A formidable 24 teams were the result of a bumper early December registration night at the seven-week tournament’s home ground, Wild Bill’s (that’s more than double last year’s team total, and barely recognisable from the humble beginnings at Pow Pow Café two years ago).

Tournament instigators Matt and Az from Niseko Photography have even had to turn away unlucky, would-be dart-smiths for lack of space.

It’s already ballooned from being one night a week for less than 10 teams in the first two seasons, to this year spanning across three evenings on Tuesdays, Wednesdays and Thursdays.

It’s nothing short of shoulder-to-shoulder as darts takes a stranglehold on at Bill’s on game nights.

So, to what can we attribute this newfound penchant for lobbing glorified pins?

“It’s because Az and I are ‘cultural landscape architects’,” a modest Matt reveals to Powderlife.

A perpetually pink-beanied Az adds: “I think because we hyped it up this year, and there is nothing else to do here at the moment,” he says.

“Everyone likes darts, because it is the only thing in the entire village that every person and company can get involved in.

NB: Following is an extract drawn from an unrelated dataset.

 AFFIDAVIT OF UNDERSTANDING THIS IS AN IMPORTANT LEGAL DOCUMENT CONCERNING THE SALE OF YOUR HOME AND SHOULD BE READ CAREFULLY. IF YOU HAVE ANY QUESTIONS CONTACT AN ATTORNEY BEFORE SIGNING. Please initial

I’m just stoked to play darts – we have created something that everyone enjoys, and that’s just unreal!”

And what’s not to like about strokes of genius in team-naming this year – gems like Humphrey Bodart, Pissed By The End, Pissed By The Start, Dart Vaders and, of course, Afraid Of The Dart (that’d be Powderlife’s darts arm).

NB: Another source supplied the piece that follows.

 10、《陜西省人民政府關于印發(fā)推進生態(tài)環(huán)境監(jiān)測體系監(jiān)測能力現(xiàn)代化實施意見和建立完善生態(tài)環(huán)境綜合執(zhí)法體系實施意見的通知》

The Mount Hotham-inspired darts event (or so legend has it) this year even makes Hirafu history with the first ever all-girl and all-Japanese girl teams.

“It is really getting a good cross section of the Hirafu community,” boasts Matt proudly.

Much to the entrants’ delight or dismay, the infamous ‘Paralyser’ bucket o’ booze appallingly awaits the winners of each night’s play, a drink arguably more effective than a tranquiliser dart in taking down livestock.

Thankfully, The Paralyser is served after sharp objects stop flying through the air. This year, we move away from the milk-curdling, racially sounding Black and White Russian, and turn to a seemingly endless and potent Mohito-based bevvy, starring 42 Below’s feijoa vodka. Many agree this drink should be fed to the loser, not the winner.

“The Paralyser is designed to caress our taste buds, while stinging us in the brain,” says Az, sounding a fear of a man once bitten, twice shy.

Wild Bill’s owner Brett – who admits to knowing ‘nada’ about darts, besides the fact that the boards are round, and that he buys two new ones each year (pool is Brett’s game) – says the general mood for darts this year is ‘off the Richter scale’.

“No one has any cash to burn, and there is no damn snow, so darts is all that is keeping anything afloat here,” chimes Brett, after the first round of matches earlier this month.

“Players are pretty serious this season – there is no questioning that. All the company owners compete with each other in this village, but it’s nice to see them all gel and get along, even if it’s only for three nights a week.”

So, who will it be to knock last year’s premiers, Dart Attack, from the trophy mantle that since last year’s final has resided in Kutchan’s Café Kaku?

Who will walk away with all the glory and bragging rights for another season? Only time will tell.

Let the crooked trash talk begin, but may your darts fly straight and true.